## What to work on
With pictures excluded, output exactly the lines that run from the first line of the data below through the line containing "Dès le portail".

## Material provided
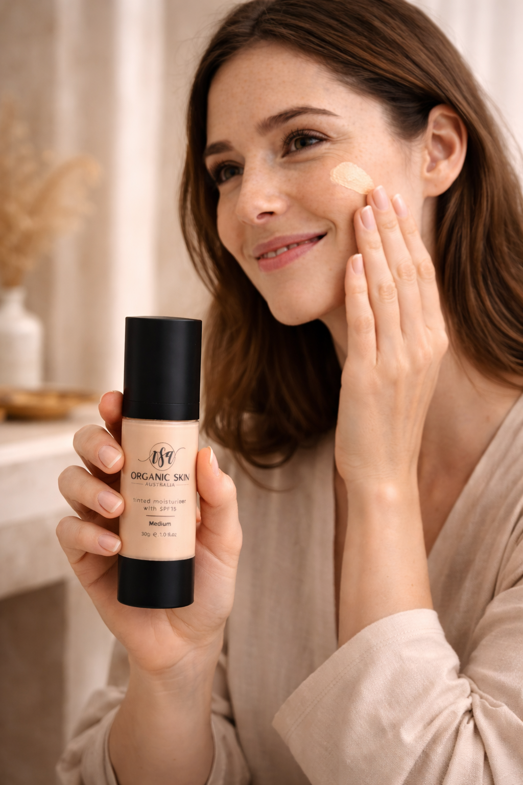 Apply a small amount of Tinted Moisturiser to cleansed skin and blend with fingertips or a makeup sponge.
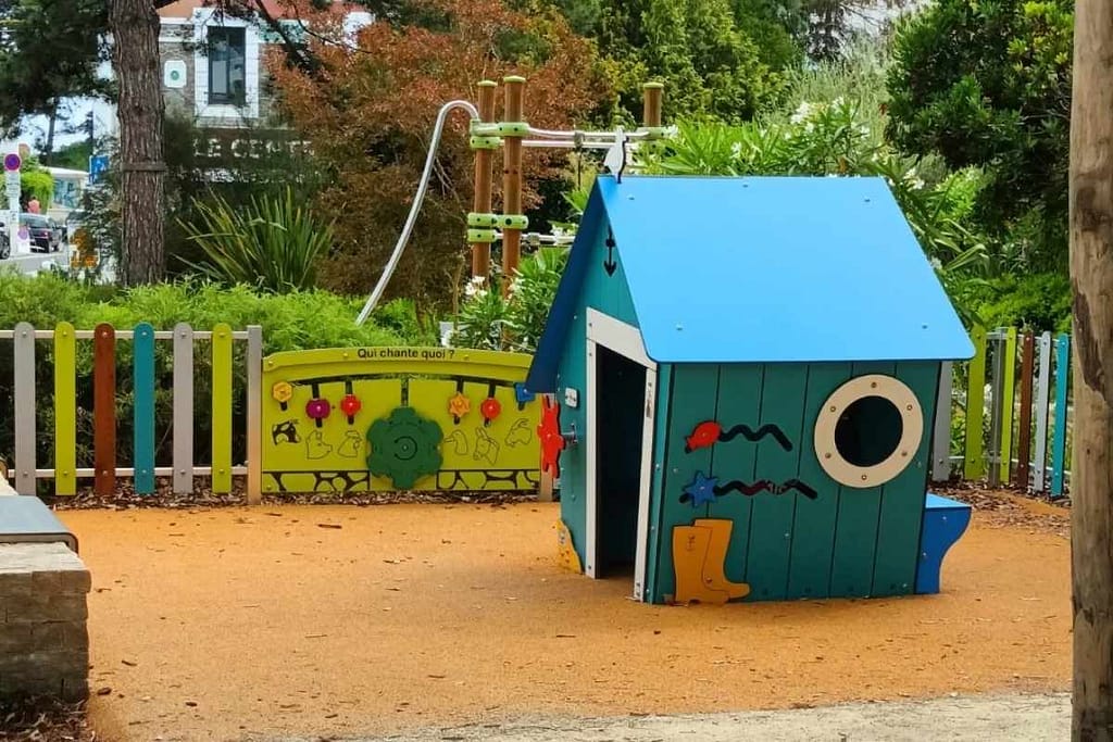 Dès le portail blanc franchi, on emprunte un chemin de terre qui mène à différentes plantations. Des fauteuils en bois sont disposés ici et là pour s’asseoir quelques minutes et profiter du calme du jardin. Plus loin, l’ambiance devient plus champêtre : on traverse un petit verger avant de rejoindre l’aire de jeux.
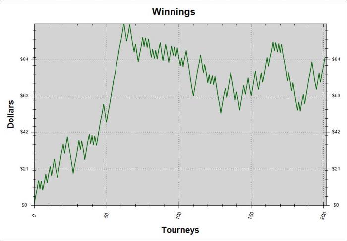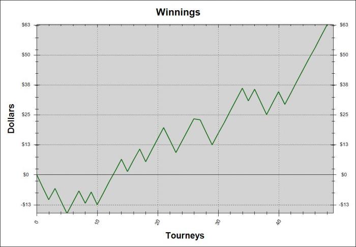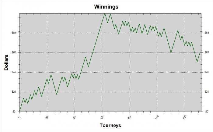 Радостный от того, что наконец то вылечил зуб я естественно вчера напился. Мтт играть не стал и начал масс гриндить свои регулярные ХА. Сказать, что я играл плохо - это ничего не сказть. Играл я отвратительно, играл как полный мудак, переняв стиль своих соперников творил полную куйню. Не нужные колдауны, минусовые 4 бет пуши, только одному мне понятные блефы. Короче считаю что по качеству одна из самых плохих сессий. Да и по ощущениям даже при такой мудацкой игре ездили по мне очень прилично. Монетки воообще не тащились, 80-20 я тоже не тащил ни фига. Так что результат закономерен. Сегодня полный сил и будучи абсолютно трезвым (слегка похмелье, но это не беда) буду показывать свою А игру. А это график можно сказать за два дня на регулярных.
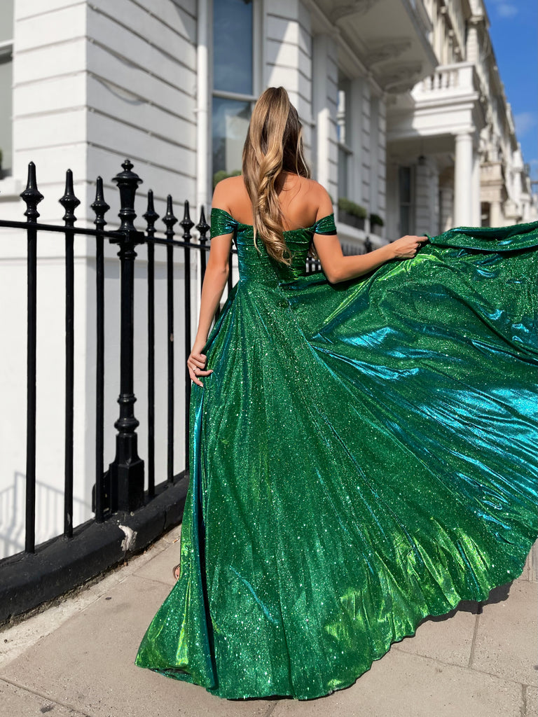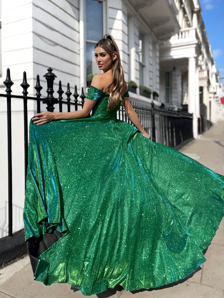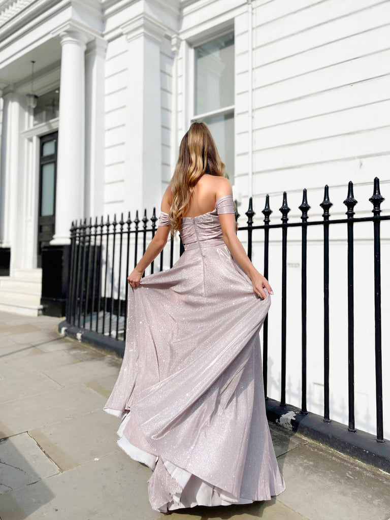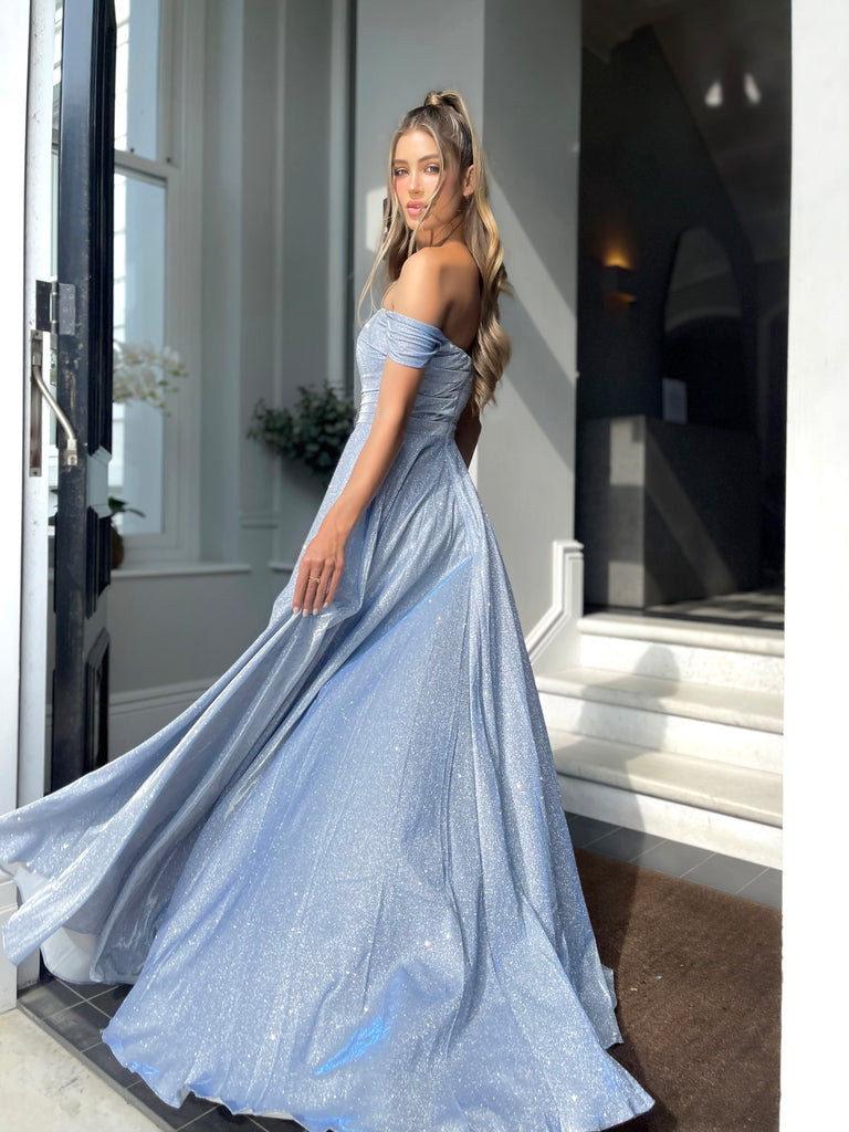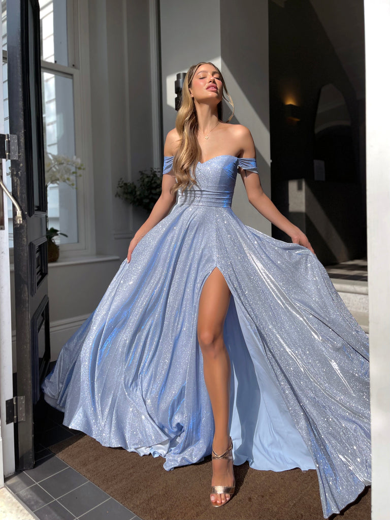 A gorgeous of the shoulder gown by Australian Designer Jadore style JP127. This beautiful dress comes in 4 different colours. The dress features full floor length sparkle with a sweetheart neckline and swag sleeves to give a romantic bodice, whilst the floor length skirt and side split gives it a glamorous feel.

## Response
 Apply a small amount of Tinted Moisturiser to cleansed skin and blend with fingertips or a makeup sponge.
 Dès le portail blanc franchi, on emprunte un chemin de terre qui mène à différentes plantations. Des fauteuils en bois sont disposés ici et là pour s’asseoir quelques minutes et profiter du calme du jardin. Plus loin, l’ambiance devient plus champêtre : on traverse un petit verger avant de rejoindre l’aire de jeux.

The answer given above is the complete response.